Firstly, hierarchically organized nanofiber materials were produced with control of structure over multiple length scales, ranging from peptide molecule assembly into supramolecular coiled coil ‘bundlemer’ building blocks, to rigid rod formation through covalent connection of the bundlemer building blocks, and, ultimately, to uniaxially-oriented fibers made with the rigid rod polymers. The basic peptide building blocks were designed to physically assemble into tetrameric coiled coil bundles, or bundlemers, and to covalently interact with each other in an end-to-end fashion via a thiol-Michael click reaction to produce rigid rod-like polymers. The rigid rod chains were used to produce solid fiber materials via electrospinning processing, all the while preserving their unique rod-like structural characteristics.

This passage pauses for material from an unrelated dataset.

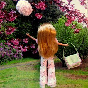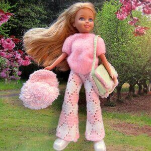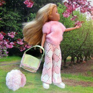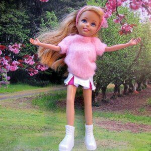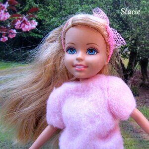 Here is the blonde doll, Stacie, of the trio, "Wee 3 Friends" by Mattel. Made from 2004 to 2008, these girlfriends have the sweetest faces. See all the pictures for everything that's included: vintage pink fuzzy sweater and sweater pants, fuzzy pink visor hat, original white boots, a "cheerleader" silver mini skirt with hot pink pleat inserts, and a cool pink and mint green bag with a surprise in it! I've added the tulle headband. Check back for more of these dolls and separate outfits.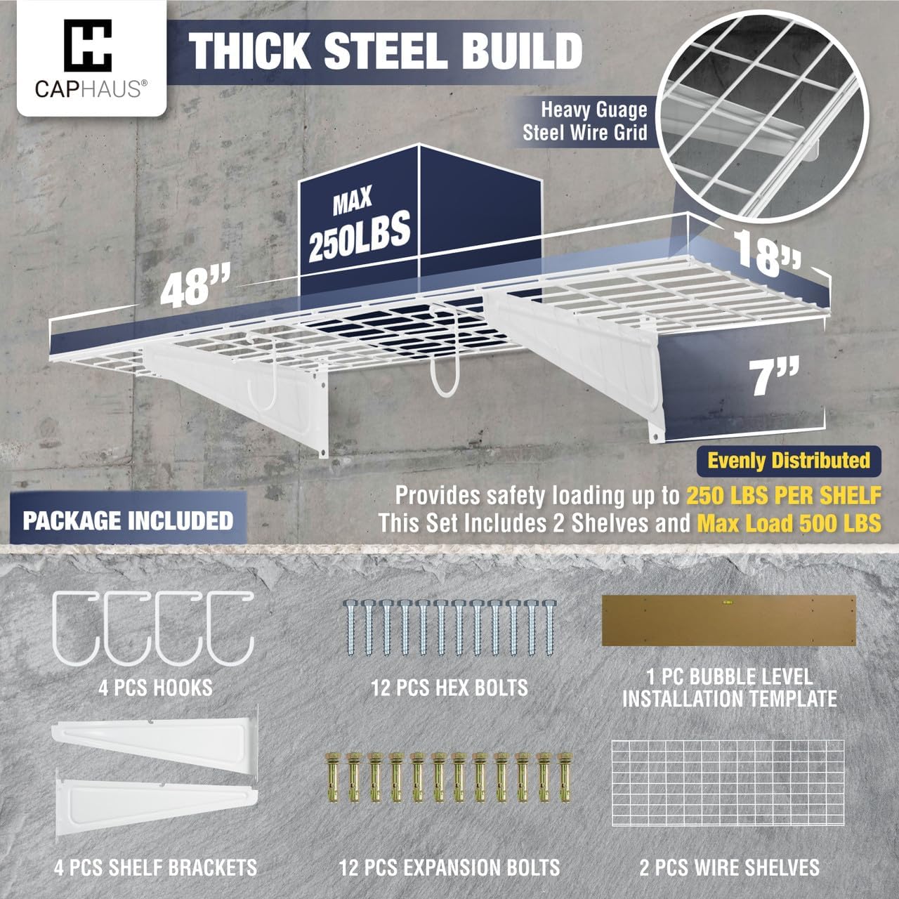 - šØ Various Size Choices - This option includes TWO wall shelves, FOUR Versatile hooks, and all necessary hardware. Each shelf measures 48 inches in width and 18 inches in depth, providing a total of 96 inches in width. Opt for the silver hex bolt for concrete and wooden walls and choose the golden expansion bolt for secure installation on brick walls. Heavy gauge steel construction provides safety loading up to 250lbs total per shelf, this set providing a total weight capacity of 500 lbs.

Morphological and structural investigations of the nanofibers through scanning electron microscopy, transmission electron microscopy, and x-ray scattering, as well as molecular characterization via FTIR and Raman spectroscopy, reveal the continuous nanofibers are composed of oriented rigid rod chains constituted by alpha-helical peptides within bundle building blocks. Additionally, mechanical property measurements show the stiffness and strength of the electrospun nanofibers are comparable with other protein fiber materials. The establishment of multiscale hierarchy by producing fiber materials from the oriented rigid-rod polymer reveals bundlemer rod chains as a viable tool for the development of new fiber materials with targeted structure and properties.

Moreover, we have explored microstructure and viscoelastic properties of concentrated rod suspensions. Due to structural stability, rigidity, and unique rod-like structure, the rod polymers are expected to exhibit rheological properties characteristic of rigid rods and liquid crystals in suspension. Additionally, adjusting inter-rod interactions can affect the microstructure and rheological behavior of rod suspensions since rods can possess polyelectrolyte behavior due to the constituent peptide-based bundlemers and their exterior amino acid side chains. The importance of changes in the interactions between rods under different surface charge density based on sequence, pH, and ionic strength conditions are illustrated through comparisons of the microstructure and rheological behavior of rod suspensions. The combined observations by microscopy, x-ray scattering, and rheology help to elucidate the possible interactions and consequent microstructures responsible for the resulting structural information and solution behavior as well as to expand our understanding of the bundlemer-based rods in solution state.

Our findings in this dissertation provide a fascinating opportunity to build new materials with desired structure and properties. The hierarchically constructed materials, through molecular design combined with solution processing, are promising candidates for use in a wide range of applications including biomedical and nanotechnology applications.